Kožená’s First Gypsy Girl: Carmen from Valladolid

G. Bizet, Carmen: Soloists, Orquesta Sinfónica de Castilla y León, Coro de la Comunidad de Madrid, Escolanía de Segovia. Conductor: Lionel Bringuier. Auditorio Miguel Delibes de Valladolid. 23.06.2011 (JMI)

Semi staged version

Director: Calixto Bieito


Carmen: Magdalena Kožená
Don José: Nikolai Schukoff
Escamillo: Gabor Bretz
Micaëla: Alexia Voulgaridou
Zúñiga: Wojtek Gierlach
Morales: José Manuel Díaz
Frasquita: María Eugenia Boix
Mercedes: Marifé Nogales
Remendado: Francisco Vas
Dancaïre: César San Martín

The obvious interest of this Carmen-in-concert was the presence of Czech mezzo Magdalena Kožená in the title role of the opera. My expectations were lowered for the occasion, since it was Kožená’s debut as Carmen and I had not seen or heard evidence, in principle, that the vocal demands of the character would be met by the Czech star.

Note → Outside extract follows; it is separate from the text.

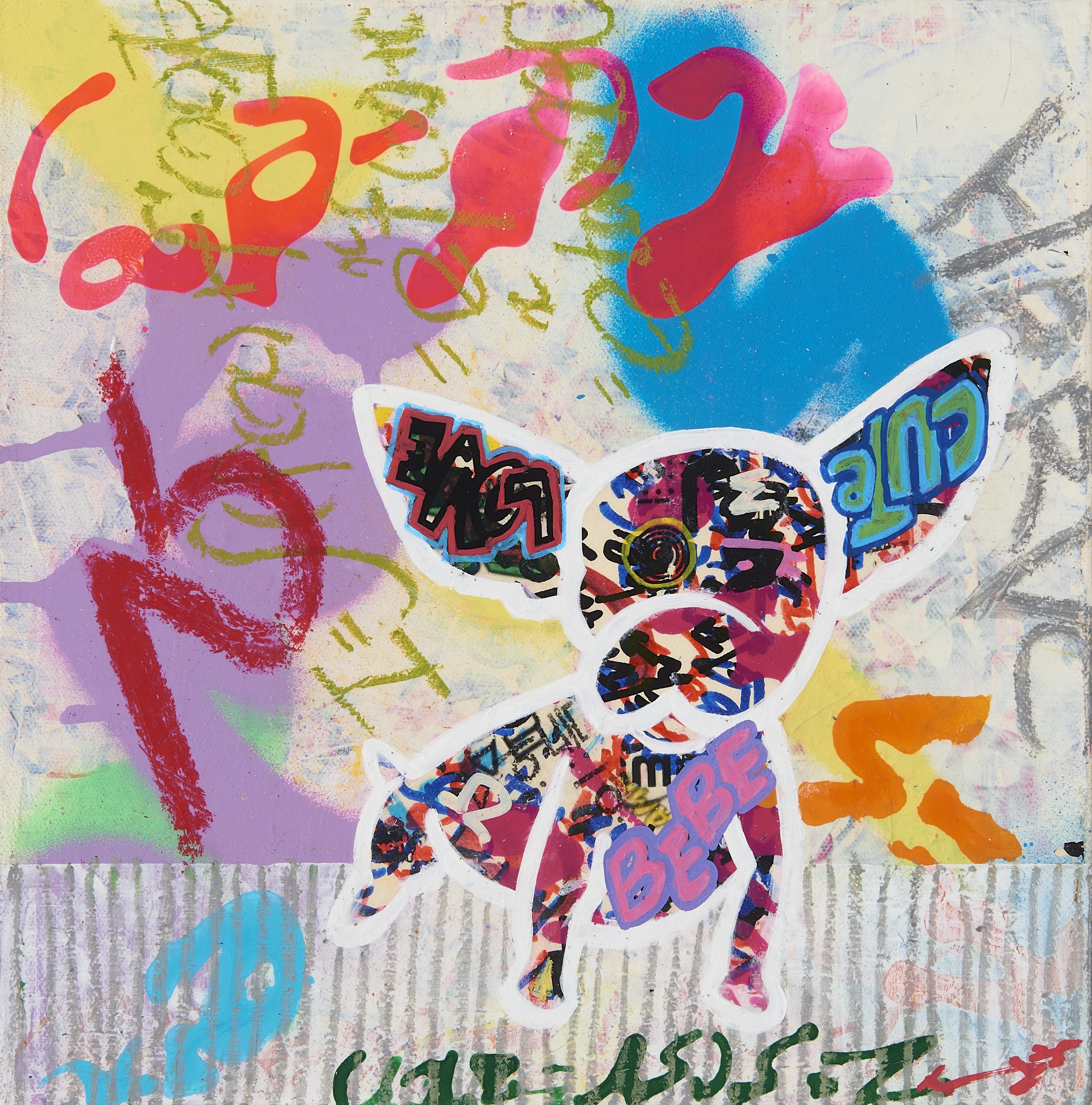 서경희, 기호의 유형 캔버스에 아크릴, 오일파스텔, 콜라주, 아크릴 펌프 마커, 스프레이, 30x30cm, 2025

The version offered was ‘semi-staged’, with soloists singing without score and moving around in front of the orchestra, without costumes. Calixto Bieito did the choreography, roughly in line with in his production from Barcelona’s Liceu.  I am not convinced that Carmen is worthwhile being seen if it can’t be the whole nine yards. Costumes and crowds are vitally important for Carmen, and without them not much is left; the difference between semi-staged and a pure concert being negligible.

The version offered was rather peculiar: The opera was given with dialogues, but those reduced to a minimum, cutting off recitatives, particularly the one preceding to Micaëla’s aria in Act II… a strange choice, considering that we were then given the whole scene of the fight between Escamillo and Don José. The musical direction was entrusted to young (25) French conductor Lionel Bringuier, who is currently the chief conductor of the Orquesta Sinfónica de Castilla y León. It is not easy to cope with a score like Carmen and this young conductor showed strengths and weaknesses… energetic and intense at times, but falling significantly short in the emotion department. I found it rather superficial, even as he got an very polished performance out of his orchestra.

Carmen must have a special appeal for singers; there have been few who have resisted its lure. The results of these attempts have not all been positive, in fact: rather the opposite. But the attraction of the character remains and Magdalena Kozena was not going to be an exception. The result was a mixed bag. Ms. Kozena is a great professional, as she came to the concert with her homework perfectly done, knowing the score inside out. But even my low expectations were not much exceeded. Her mezzo soprano works fine, singing with intention and good taste, although the volume is somewhat limited and the timbre is too light for this character. She has a voice more suited to Melisande than to Carmen. On a few occasions one misses a stronger low register, as in the aria of the cards… Still, she dealt admirably with the difficulties of the score. What I didn’t find convincing was her interpretation of the role, her understanding of the character, despite being a good actress. Her Carmen lacks joy and zest for life, resulting in a rather sad and depressing character, quite out of the idea of both Merimée and Bizet. It is hard to believe that this woman—for all her attractive looks—would be the object of obsessive passion among the men around her. Nor did Bieito’s ideas help her case; it might have been better to just let her do her own thing. I am sure Ms. Kozena will draw her own conclusions of this experience, although it is clear that the public was not enthusiastic about her performance.

Austrian tenor Nikolai Schukoff was a Don José with the right means, but a singer needs more than voice. His tenor is powerful, well-pitched and with more than enough “squillo”. It often happens with Don Jose that the singer either falls short in the first half or in the second half, with only very few the singers able to shine throughout the whole opera. Schukoff shone in the second half, especially at the end of Act III, while he looked more uncomfortable in the first half. His flower song left much to be desired. His attempt on the high B flat in piano

came out as pure falsetto. A good performance was turned in by Hungarian Gabor Bretz as Escamillo. This character is very difficult to cast as it comes  too low for baritones and too high for basses. Gabor Bretz was unusually well suited for the role. Greek soprano Alexia Voulgaridou was Micaëla was more powerful than moving and the secondary roles were well cast, too… particularly the quartet of smugglers.